◆ **TASK DETAILS**: Restate word for word the entries below, starting with the line with "Lionel Messi, Children's" and continuing through the line with "产品特点:车载式80米降尘雾". Include both of those lines and no others.

◆ **EXERCISE INPUTS**:

-------

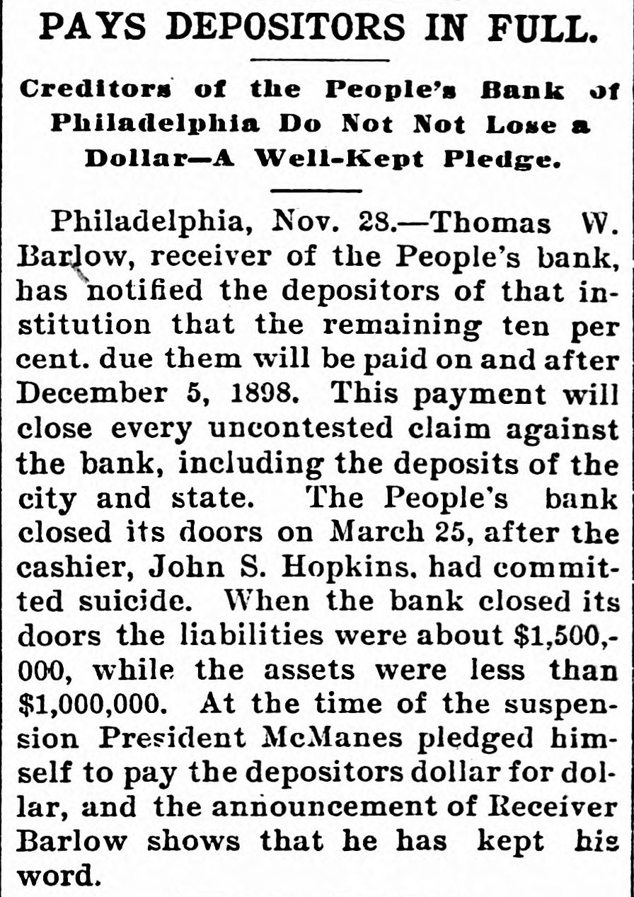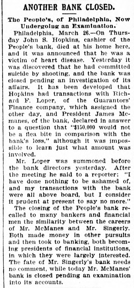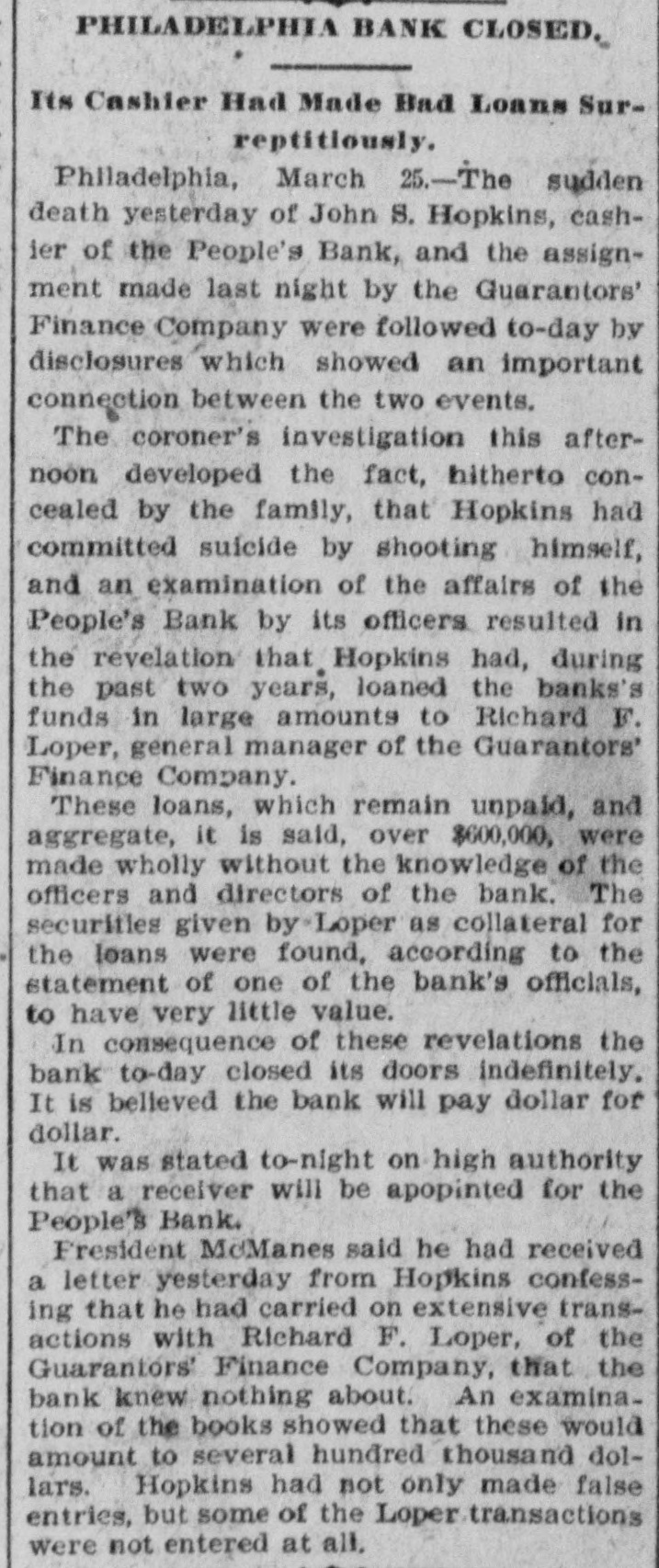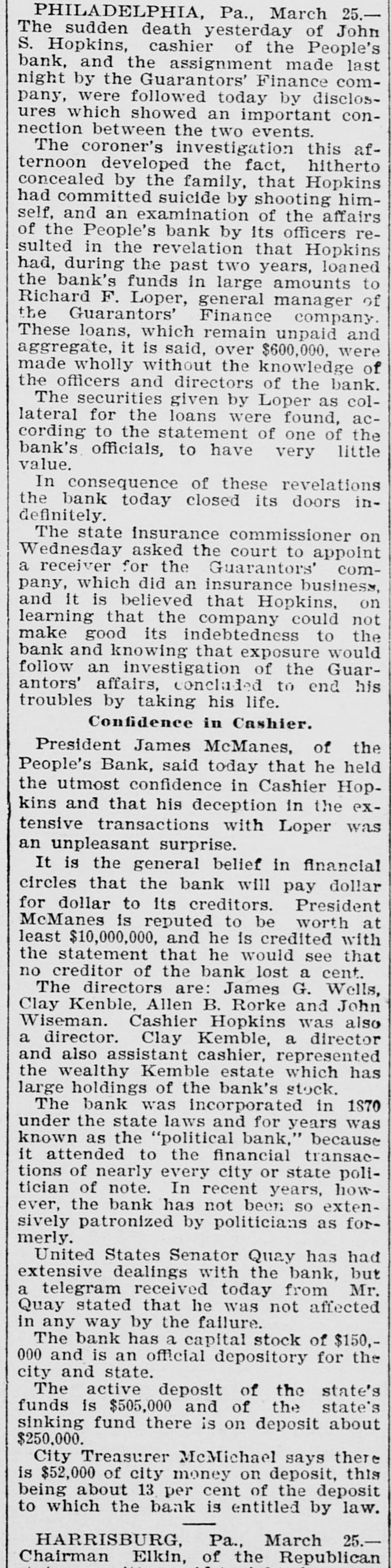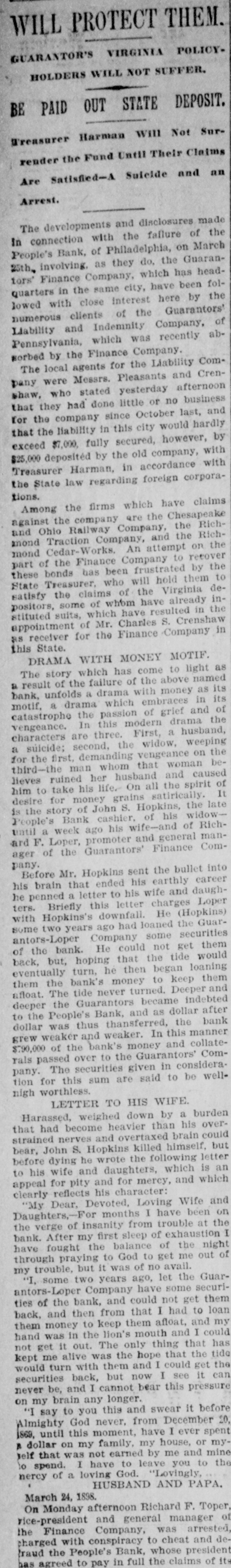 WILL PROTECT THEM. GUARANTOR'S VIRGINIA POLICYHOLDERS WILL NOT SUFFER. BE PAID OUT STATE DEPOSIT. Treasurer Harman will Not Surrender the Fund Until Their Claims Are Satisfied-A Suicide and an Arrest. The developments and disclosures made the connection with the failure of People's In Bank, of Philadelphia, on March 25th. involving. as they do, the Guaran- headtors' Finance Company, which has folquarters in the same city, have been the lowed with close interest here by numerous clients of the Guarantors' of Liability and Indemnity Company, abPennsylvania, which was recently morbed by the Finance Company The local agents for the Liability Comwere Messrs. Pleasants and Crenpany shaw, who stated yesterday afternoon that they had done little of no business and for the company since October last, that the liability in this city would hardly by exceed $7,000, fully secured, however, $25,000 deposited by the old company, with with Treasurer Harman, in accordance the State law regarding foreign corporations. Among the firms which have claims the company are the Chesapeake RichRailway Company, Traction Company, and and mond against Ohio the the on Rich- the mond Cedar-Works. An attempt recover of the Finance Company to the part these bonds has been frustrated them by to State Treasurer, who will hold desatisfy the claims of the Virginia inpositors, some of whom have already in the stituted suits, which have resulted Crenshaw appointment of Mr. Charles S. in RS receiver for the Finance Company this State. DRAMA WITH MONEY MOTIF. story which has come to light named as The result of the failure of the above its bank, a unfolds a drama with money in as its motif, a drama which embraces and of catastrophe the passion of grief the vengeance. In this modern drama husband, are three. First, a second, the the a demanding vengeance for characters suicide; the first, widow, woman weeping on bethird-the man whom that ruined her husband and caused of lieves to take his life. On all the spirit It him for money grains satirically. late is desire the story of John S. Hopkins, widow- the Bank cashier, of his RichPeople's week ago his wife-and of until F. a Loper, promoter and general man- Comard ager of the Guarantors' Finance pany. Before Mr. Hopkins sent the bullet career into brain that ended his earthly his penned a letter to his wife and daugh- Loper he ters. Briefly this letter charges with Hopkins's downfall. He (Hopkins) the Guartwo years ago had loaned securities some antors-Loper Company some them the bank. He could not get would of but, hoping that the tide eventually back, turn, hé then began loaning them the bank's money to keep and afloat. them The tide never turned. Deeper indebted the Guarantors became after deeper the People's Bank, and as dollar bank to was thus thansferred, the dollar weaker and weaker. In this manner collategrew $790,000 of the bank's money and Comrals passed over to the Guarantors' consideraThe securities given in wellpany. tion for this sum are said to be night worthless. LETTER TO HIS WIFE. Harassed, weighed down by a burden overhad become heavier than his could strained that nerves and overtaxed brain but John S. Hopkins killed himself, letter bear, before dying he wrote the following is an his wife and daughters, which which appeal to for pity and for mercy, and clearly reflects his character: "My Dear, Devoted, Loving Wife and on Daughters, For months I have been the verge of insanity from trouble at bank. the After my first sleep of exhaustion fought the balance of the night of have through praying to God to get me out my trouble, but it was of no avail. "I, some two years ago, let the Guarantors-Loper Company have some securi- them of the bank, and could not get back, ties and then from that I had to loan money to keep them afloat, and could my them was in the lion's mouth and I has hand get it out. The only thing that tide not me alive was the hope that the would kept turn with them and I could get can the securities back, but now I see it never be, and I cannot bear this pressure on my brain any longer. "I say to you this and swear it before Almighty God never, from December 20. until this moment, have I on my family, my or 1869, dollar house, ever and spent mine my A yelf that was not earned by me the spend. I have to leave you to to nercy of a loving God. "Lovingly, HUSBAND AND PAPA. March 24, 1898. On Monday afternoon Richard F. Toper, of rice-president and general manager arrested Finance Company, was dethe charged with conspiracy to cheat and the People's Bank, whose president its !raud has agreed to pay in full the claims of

-------

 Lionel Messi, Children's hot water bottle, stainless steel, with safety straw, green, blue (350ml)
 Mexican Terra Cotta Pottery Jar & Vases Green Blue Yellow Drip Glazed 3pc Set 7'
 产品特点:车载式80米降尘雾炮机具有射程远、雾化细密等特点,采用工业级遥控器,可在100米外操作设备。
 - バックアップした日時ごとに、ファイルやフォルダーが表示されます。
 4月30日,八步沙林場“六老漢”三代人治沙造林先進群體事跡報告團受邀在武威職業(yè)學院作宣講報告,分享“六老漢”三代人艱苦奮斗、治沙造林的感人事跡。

-------

◆ **SOLUTION FOR THIS PROBLEM**:
 Lionel Messi, Children's hot water bottle, stainless steel, with safety straw, green, blue (350ml)
 Mexican Terra Cotta Pottery Jar & Vases Green Blue Yellow Drip Glazed 3pc Set 7'
 产品特点:车载式80米降尘雾炮机具有射程远、雾化细密等特点,采用工业级遥控器,可在100米外操作设备。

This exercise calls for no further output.